Однажды маме делали ножевую биопсию. В год того самого «однажды» мне стукнуло четыре, серьезный возраст, я вам скажу. Под предлогом командировки в Киев она отправилась в центр акушерства и гинекологии РАН, где ей и вкололи стандартную дозу анестезии, не рассчитав точное количество, а мама у меня хрупкая. Раньше мне казалось, что сильный ветерок, не морской бриз, конечно, но вот осенние дуновения под этот критерий подходили, способен унести ее в волшебную страну Оз, и мне придется собирать фронт плюшевых игрушек, объявлять всеобщую мобилизацию и спасать целый мир в лице и теле моей мамы, я даже составила список того, что мне может понадобиться, – туда входили шляпа-невидимка (шапка показалась мне банальным аксессуаром), ступа-самозванка, кошелек-самобранец и прочий реквизит, и в одном полку с шахматными фигурками я готова была спасать целый мир. Ведь двадцать лет назад целый мой мир умещался в утробе матери.

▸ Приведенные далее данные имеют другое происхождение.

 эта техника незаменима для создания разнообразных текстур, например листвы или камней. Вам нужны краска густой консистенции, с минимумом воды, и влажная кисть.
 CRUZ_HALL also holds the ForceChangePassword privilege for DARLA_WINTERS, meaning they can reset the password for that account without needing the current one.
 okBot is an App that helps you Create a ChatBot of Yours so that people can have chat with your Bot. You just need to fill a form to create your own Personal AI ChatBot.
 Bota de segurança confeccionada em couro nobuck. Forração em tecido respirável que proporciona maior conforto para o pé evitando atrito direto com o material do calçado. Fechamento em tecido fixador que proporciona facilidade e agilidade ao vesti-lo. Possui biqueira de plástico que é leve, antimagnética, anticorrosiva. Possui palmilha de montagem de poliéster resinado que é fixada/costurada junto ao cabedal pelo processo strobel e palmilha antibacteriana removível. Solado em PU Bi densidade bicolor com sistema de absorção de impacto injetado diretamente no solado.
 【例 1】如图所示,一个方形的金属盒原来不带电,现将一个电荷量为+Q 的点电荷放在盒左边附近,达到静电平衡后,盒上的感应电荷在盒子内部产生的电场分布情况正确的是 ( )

– Уважаемые пассажиры, – начал пилот свою утрамбованную временем речь.

Врет он все. Ну, кто уважает множество пьяных тушек, утяжеляющих самолет? Кроме представителей «British airways», хотя и те последнее время выражают свое почтение фальшиво.

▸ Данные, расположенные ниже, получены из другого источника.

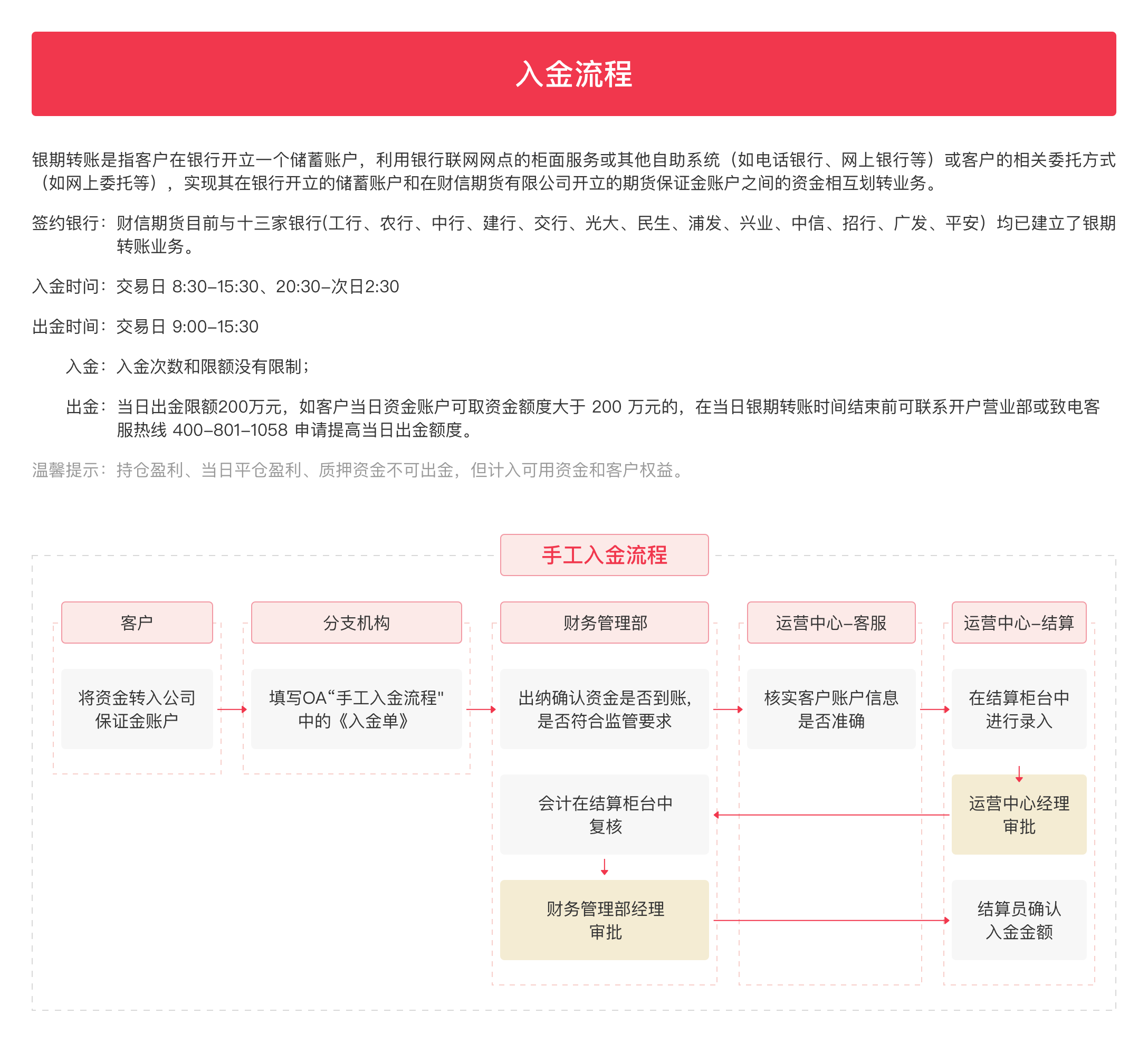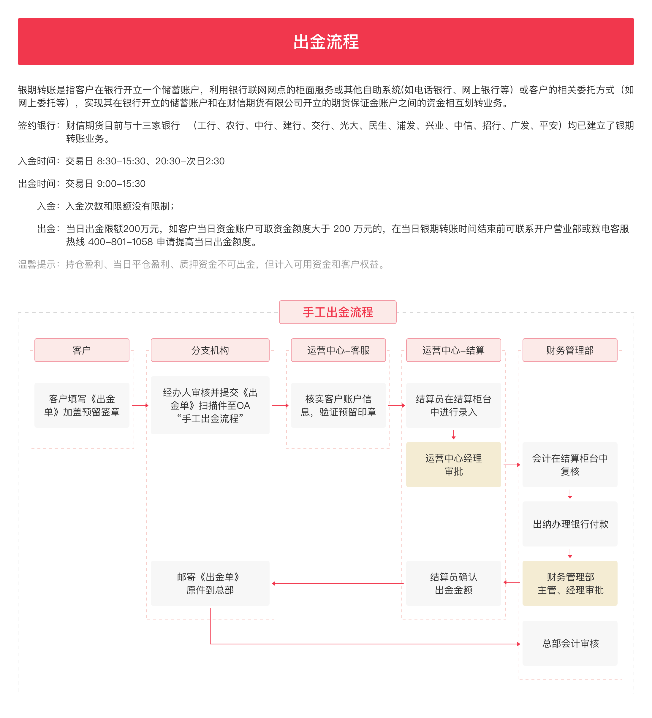2、客户填写提款单提交至期货公司财务部,完成审核后资金转入客户指定银行账户。
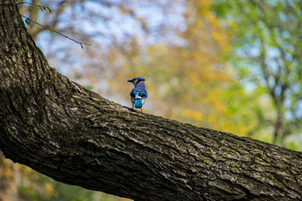 Since I was born and raised in Hawaii, I'm more accustomed to different types of flora and fauna.This photo holds special significance to me because of how foreign everything in it feels to me.The tree is not one that grows in Hawaii, the Blue Jays are nonexistent, and the leaves here are green year round.
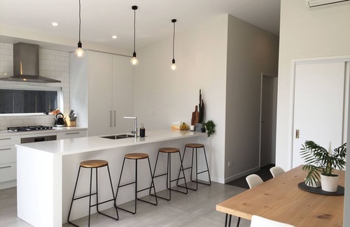 Our home is a super clean, minimal, contemporary designed, new home, with open plan living, high ceilings and an indoor-outdoor flow.
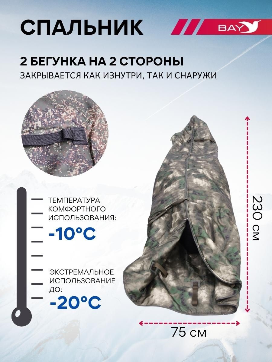 2. Спальник 2,3м*0.75см, 2 бегунка на 2 стороны, закрывается как изнутри, так и снаружи. Температура комфортного использования: -10*С, экстремальное использование: до -20*С.

Я бежала в Москву по сожженным мостам. За три часа, и даже не обожгла пятки.

Меня просили покинуть салон и сообщали температуру воздуха за окном. Если выбирать, я скорее поверю пилоту самолета, чем гидрометеобюро.

Мой преподаватель по истории английской литературы посоветовал вязать, когда начинаешь думать о смерти, и вместо мыслей: «Для чего все это?» – наматывать нитки на спицы. Я пыталась смотать клубок ниток, который размотался и окутал целый салон. Все русские смотрели на меня как на полную клячу, англичане же пытались помочь. Когда я увидела клубок и нагнулась, то уткнулась взглядом в ботинки, такого же размера, как у папы, морщинистые руки с явными сухожилиями, и даже обручальное кольцо, которое он не снял даже после развода, – все свидетельствовало о том, что это он… Старый, хрипловатый ирландец. Неужели рейсы из Дублина отменили?

– Thank you!

Насколько мне известно, в Москве девушка скорее принимает героин, чем вяжет. Так что я снова белая ворона.

Ладно, крашеная дура.

А еще я бедная, не потому, что несчастная, а потому, что денег нет. Знаю, о таком не принято писать в романах, – но что поделать, от действительности не убежишь.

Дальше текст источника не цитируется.